Produce a word-for-word copy of the listing below without its pictures.

Segment Open

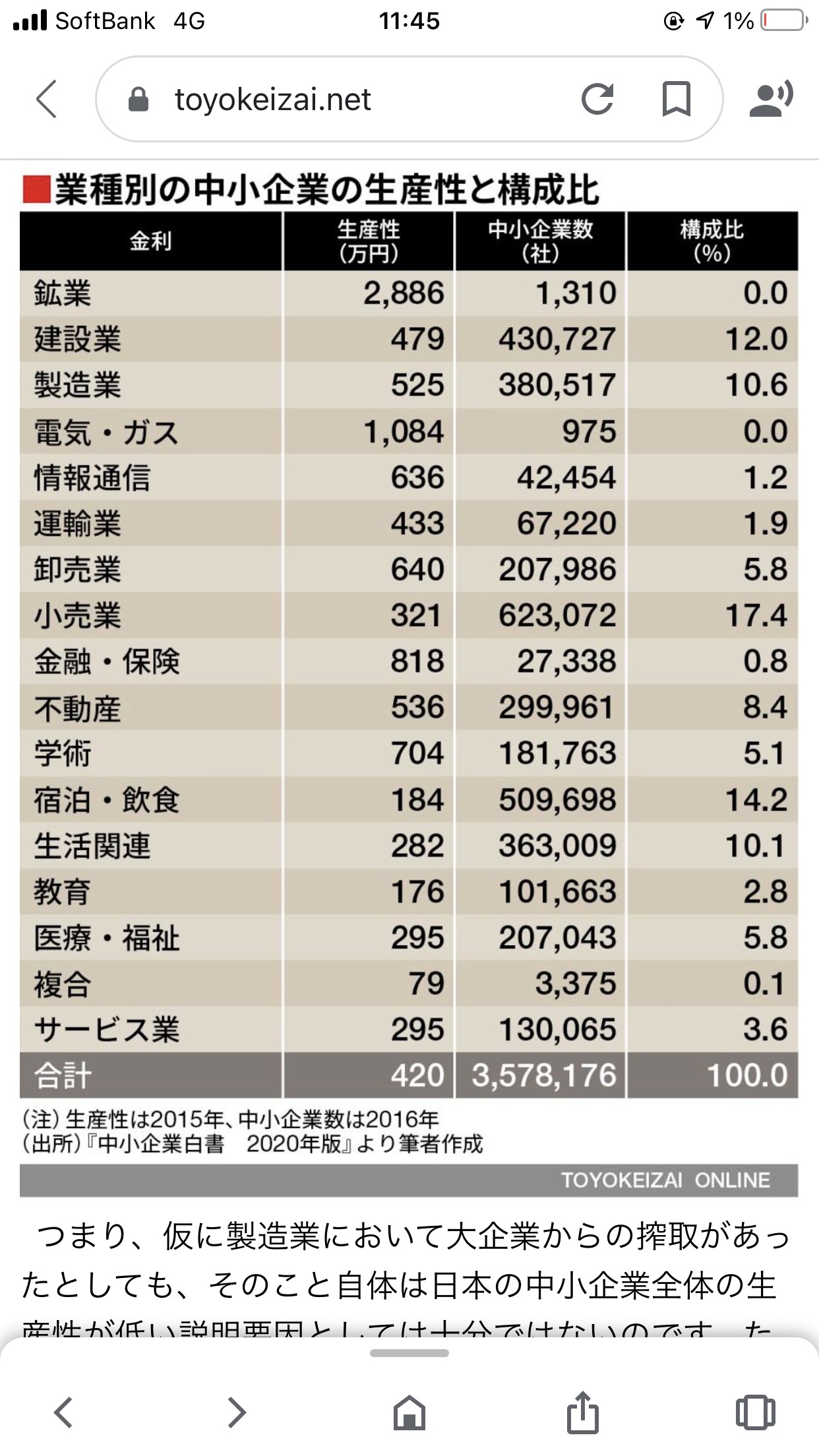 小売業 生産性321万円 企業数に占める割合17.4%
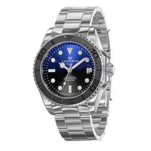 3. LANDWIN Herren Armbanduhr Automatik Taucheruhr Edelstahlarmband Analog wasserdicht Uhr Automatikwerk Herrenuhr wasserdicht 100M
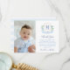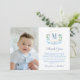 Preppy Coastal Monogram Baby Boy Christening Photo Thank You Card
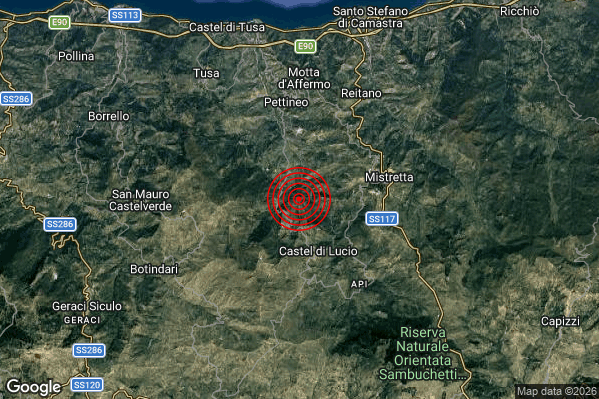 Oggi 21/03/2026 alle ore 08:31:06 (ora locale Italiana – 07:31:06 UTC) è stato registrato un Leggero #Terremoto di magnitudo M2.8 con epicentro “3 km NW Castel di Lucio (ME)” Latitudine: 37.92 Longitudine: 14.3 mostrato sulla mappa.
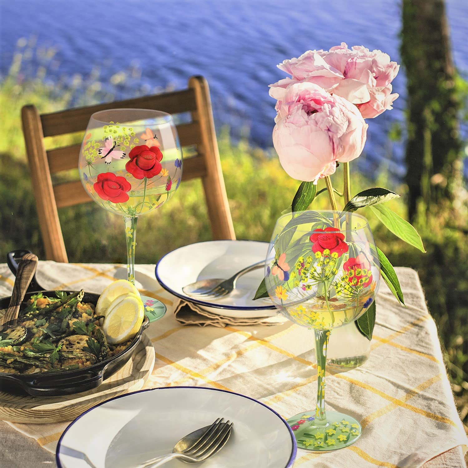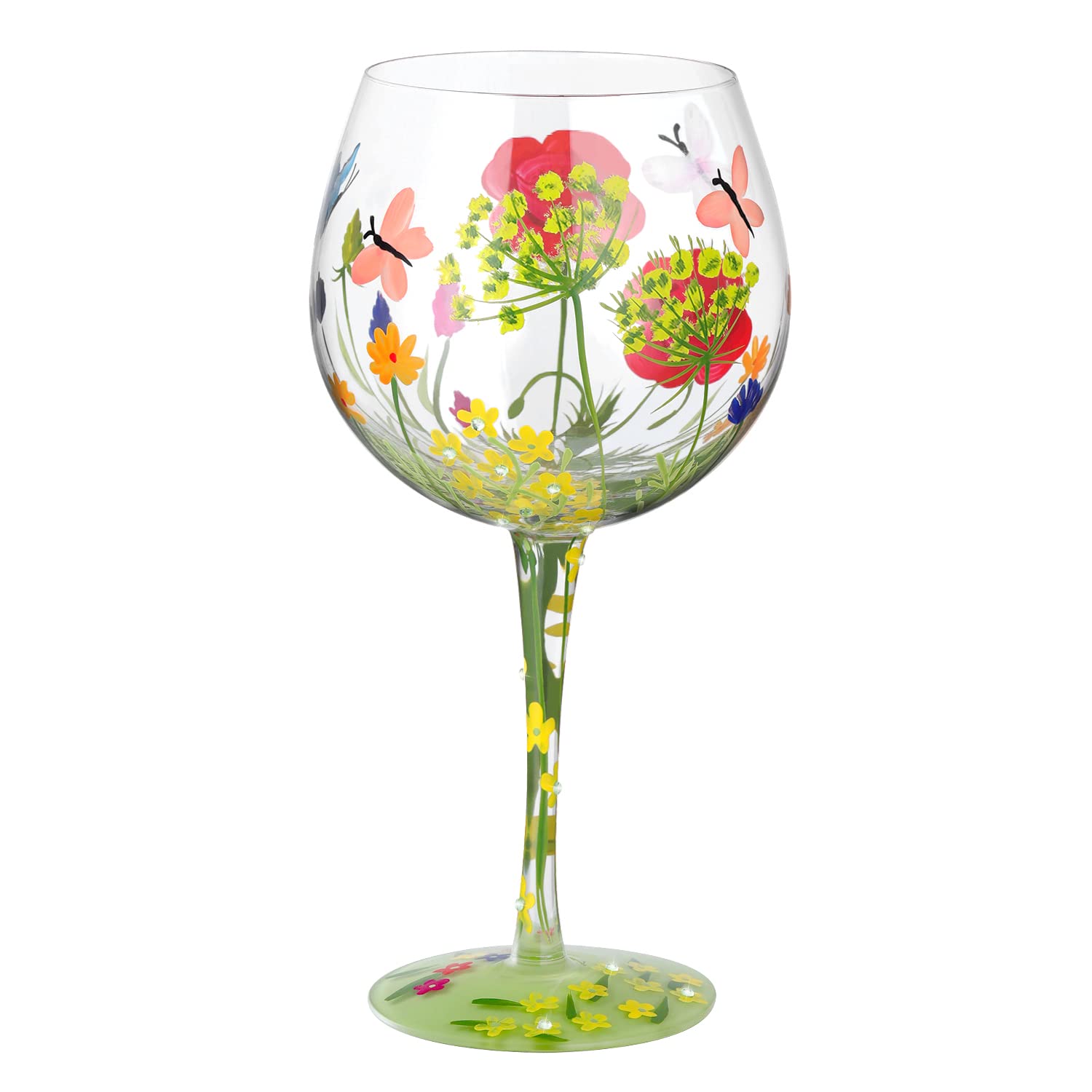 NymphFable Flower Wine Glass 100% Hand Painted Gin Balloon Wine Glass 20oz Personalised Birthday Gift for Women Friend

Segment Closed

* [Your solution]:
 小売業 生産性321万円 企業数に占める割合17.4%
 3. LANDWIN Herren Armbanduhr Automatik Taucheruhr Edelstahlarmband Analog wasserdicht Uhr Automatikwerk Herrenuhr wasserdicht 100M
 Preppy Coastal Monogram Baby Boy Christening Photo Thank You Card
 Oggi 21/03/2026 alle ore 08:31:06 (ora locale Italiana – 07:31:06 UTC) è stato registrato un Leggero #Terremoto di magnitudo M2.8 con epicentro “3 km NW Castel di Lucio (ME)” Latitudine: 37.92 Longitudine: 14.3 mostrato sulla mappa.
 NymphFable Flower Wine Glass 100% Hand Painted Gin Balloon Wine Glass 20oz Personalised Birthday Gift for Women Friend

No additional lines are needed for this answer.